My review of LOST from last night?
*eye-roll*
Of all the season premieres of LOST, this one was the least season-premieriest. It amounted to all the old structural devices seen in previous episodes, plus a full hour of recapping to boot. This Recap Syndrome. Unfortunately for all dedicated viewers, LOST seems to have invented the art. What was advertised as a "two-hour season premiere" was actually one hour of recap and one hour of show, so you had time to do the dishes after dinner. And it's not just the writer's strike to blame, because they were doing this all along -so oh well. A friend called yesterday afternoon and jokingly asked what he should bring to the LOST party. "Low expectations," I quipped.
Anyway, they killed off somebody, but then they came back to life, and then people were seeing ghosts and not dying even though they had knives in their backs -the typical convenient plot devices that all LOST fans are used to. Did they get off the island? Not when there's three seasons left they don't. Will they ever get off the island? Evidently some do. Just who exactly, may, (or may not) be revealed in 3 years or so.
*eye-roll*
Why do I bother? I'm not even sure anymore. Routine, I guess. My six-year-old niece was over and I explained to her that the show had to be watched, that there were no other options, that I'd waited months and months for this. "What's it about?" She asked. I gave her the short version: "All these people survived a plane crash on this tropical island and they're trying to get home." She promptly went to sleep on the couch.

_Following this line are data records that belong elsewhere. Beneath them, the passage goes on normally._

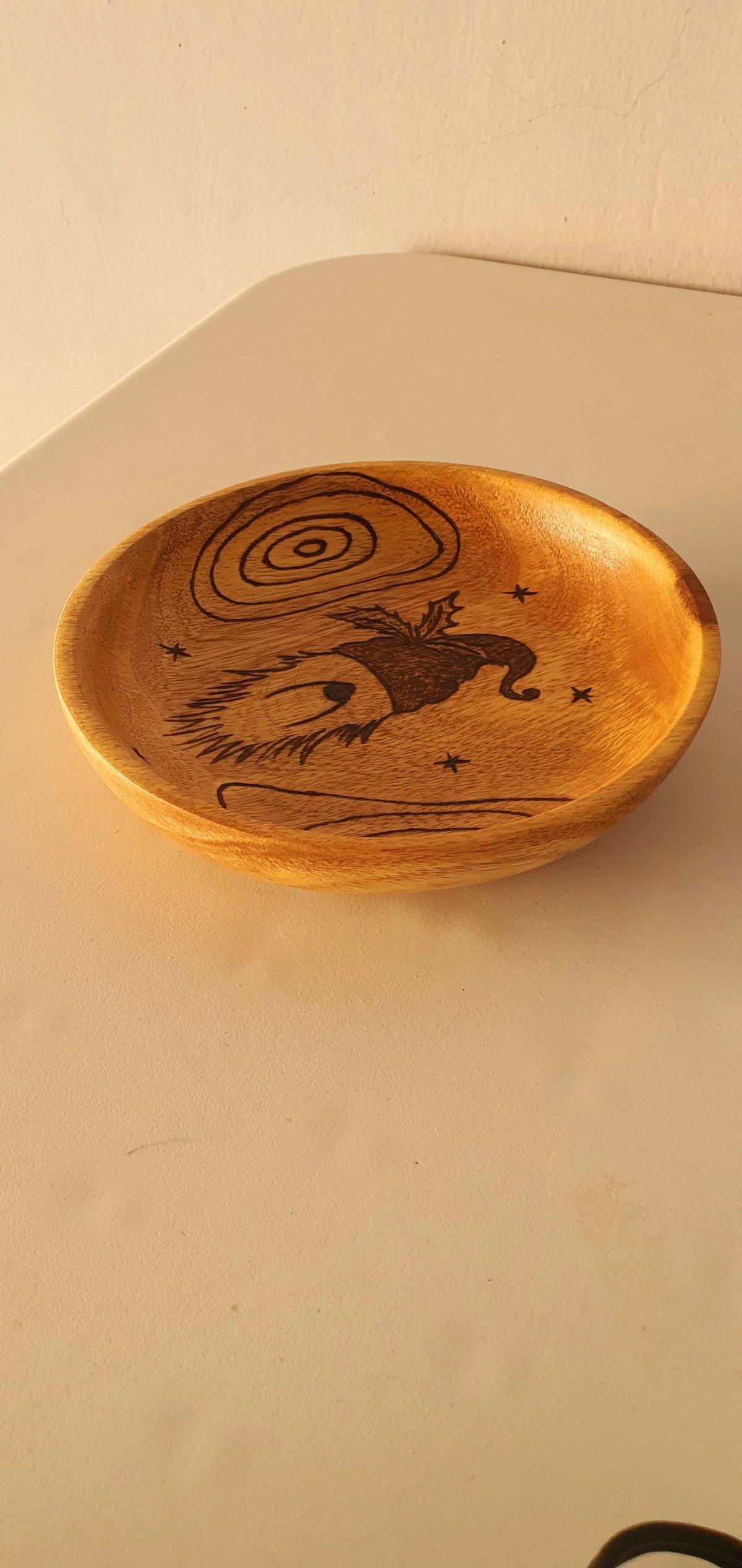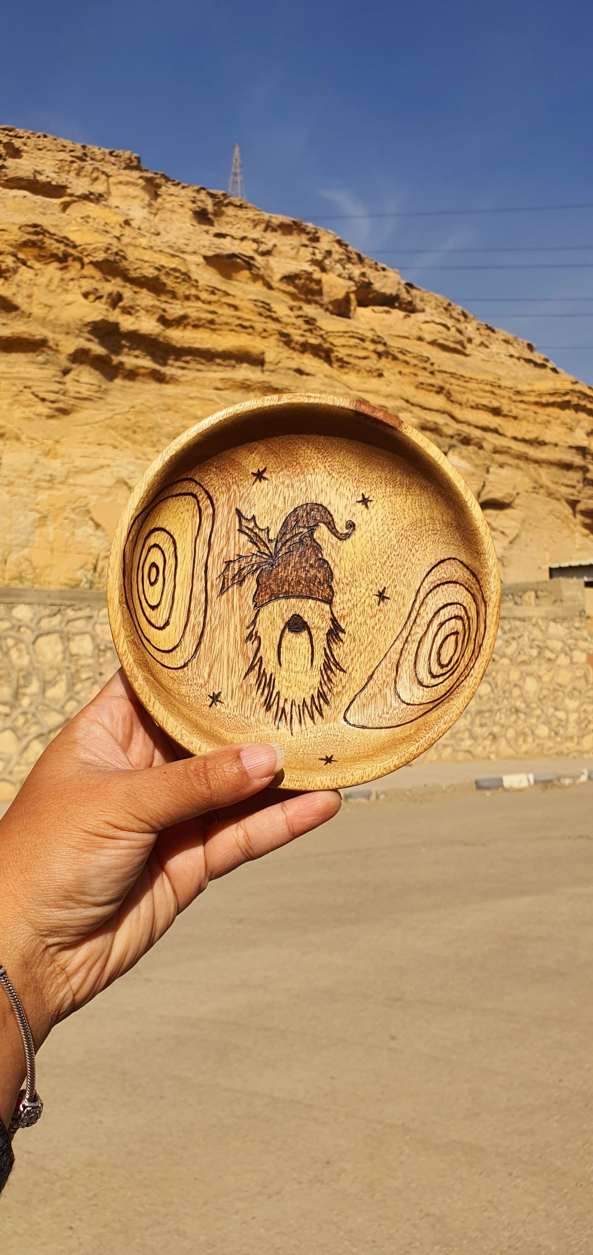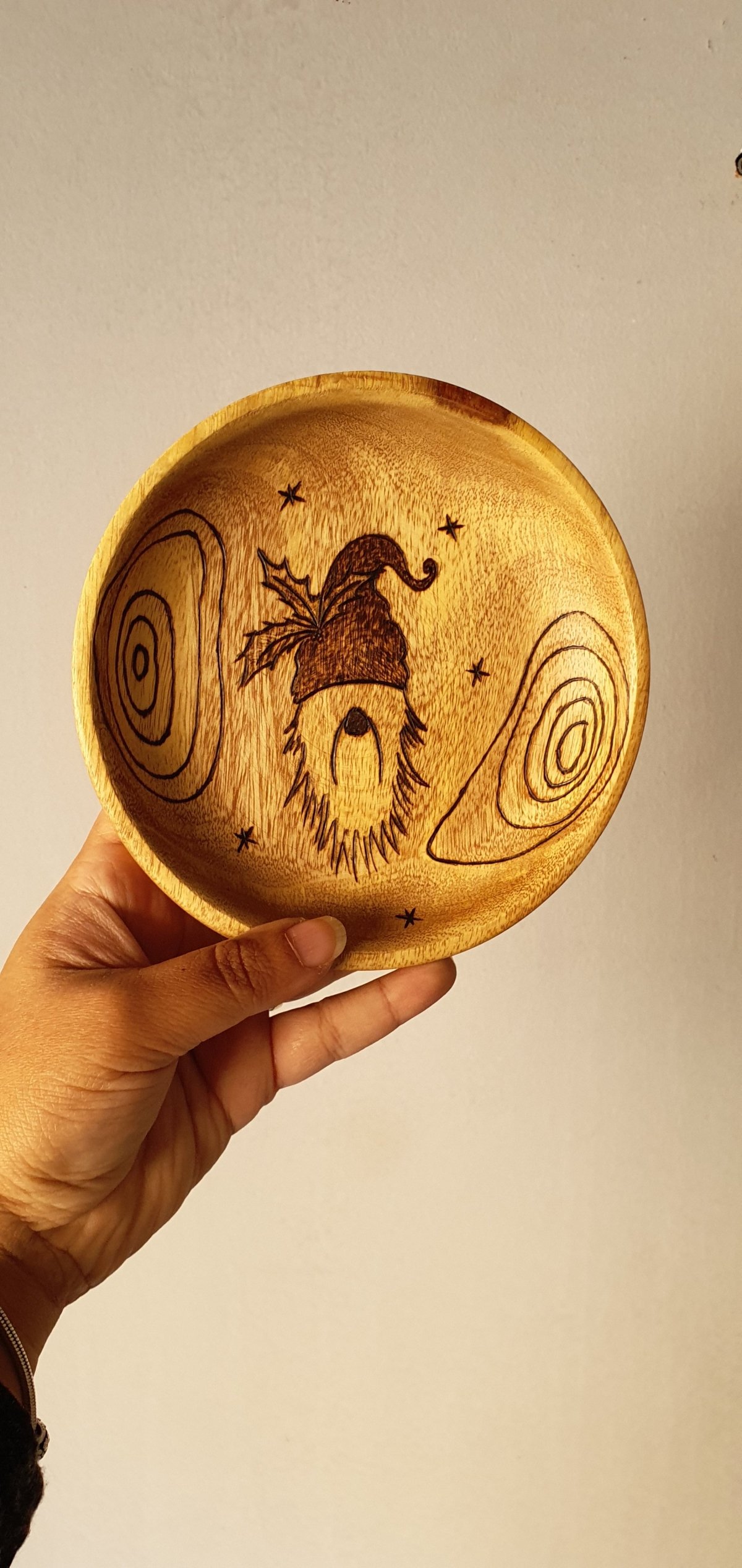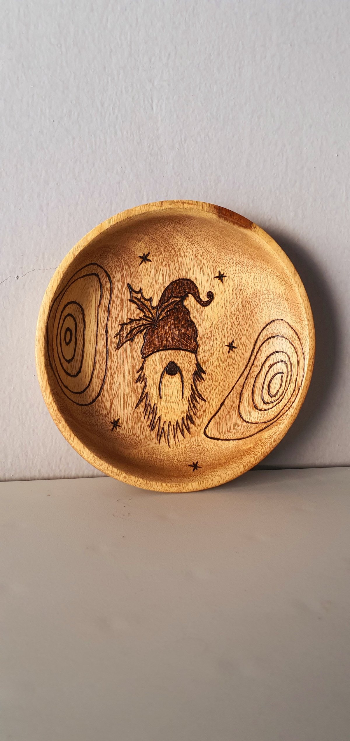 طبق من خشب السرسوع بتصميم فريد نفذناه بفن الحرق اليدوي يمكن استخدامه لتوزيع الحلوى في الأعياد ويمكن تعليقه على الحائط الأبعاد: قطر ١٥ سم
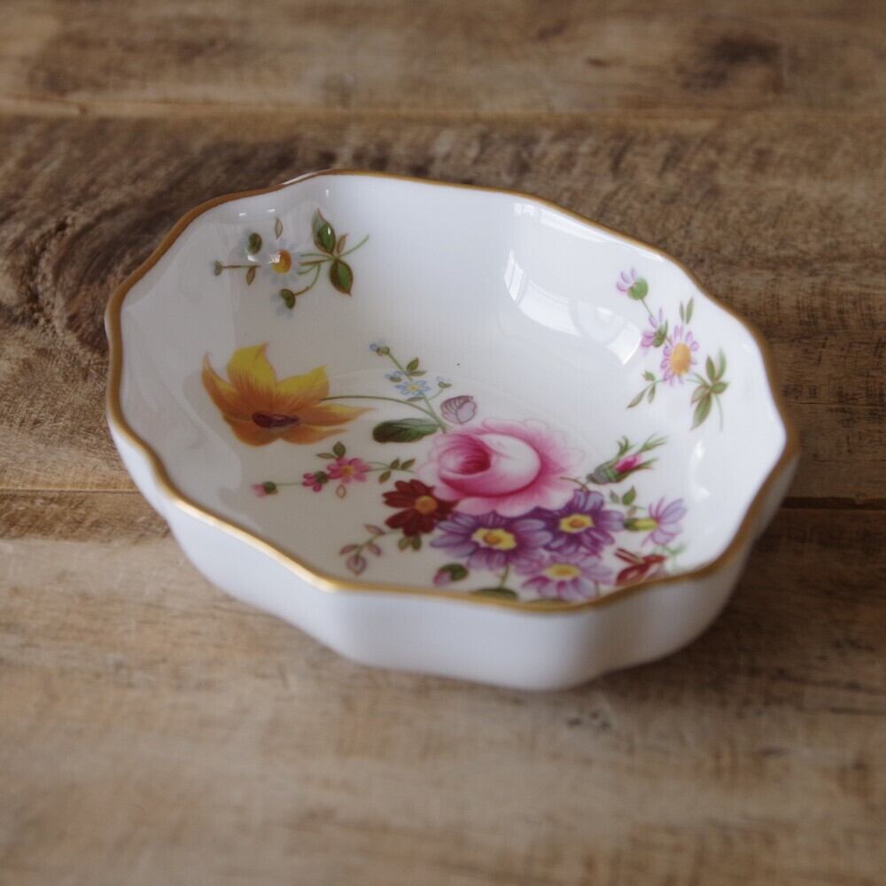 ロイヤルクラウンダービー ポウジーズ 花柄 トリンケットディッシュ 小皿 トレイ 10cm Royal Crown Derby Posies #201108-18 イギリス ヴィンテージ 陶器 ピンク 薔薇 レトロ シャビー
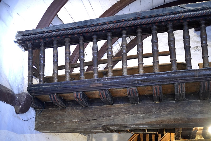 Los balaustres siguen el habitual modelo torneado habitual desde el siglo XVII, aunque quizás en este caso no vayan más allá del XIX. No obstante, en la carrera inferior aún puede seguirse la acanaladura en la que encajaría un anterior sistema de tablas ensambladas, quizás perforadas en celosía, como era frecuente en el XVI4SANTANA EZKERRA, 1996, pp. 90-91.. A esta misma cronología corresponderá el pasamanos, con sus decoraciones biseladas.

So, it's Friday. Very little was accomplished this week. I had such high hopes for the thing, too. Perhaps I need to alter my list of daily goals. "Raise daughter" is now at the top of the list. (How horrid! It was down at 8 or 9, before!) I used to think I was busy before I had a kid. I was wrong. I was never busy. I also used to think I worried a lot, but I'd never even began to worry until Mrs. Ditchman got pregnant. And I used to think I would be the best Dad ever, without any clue as to how hard the job would be. I used to think I knew what sacrifice was. I didn't.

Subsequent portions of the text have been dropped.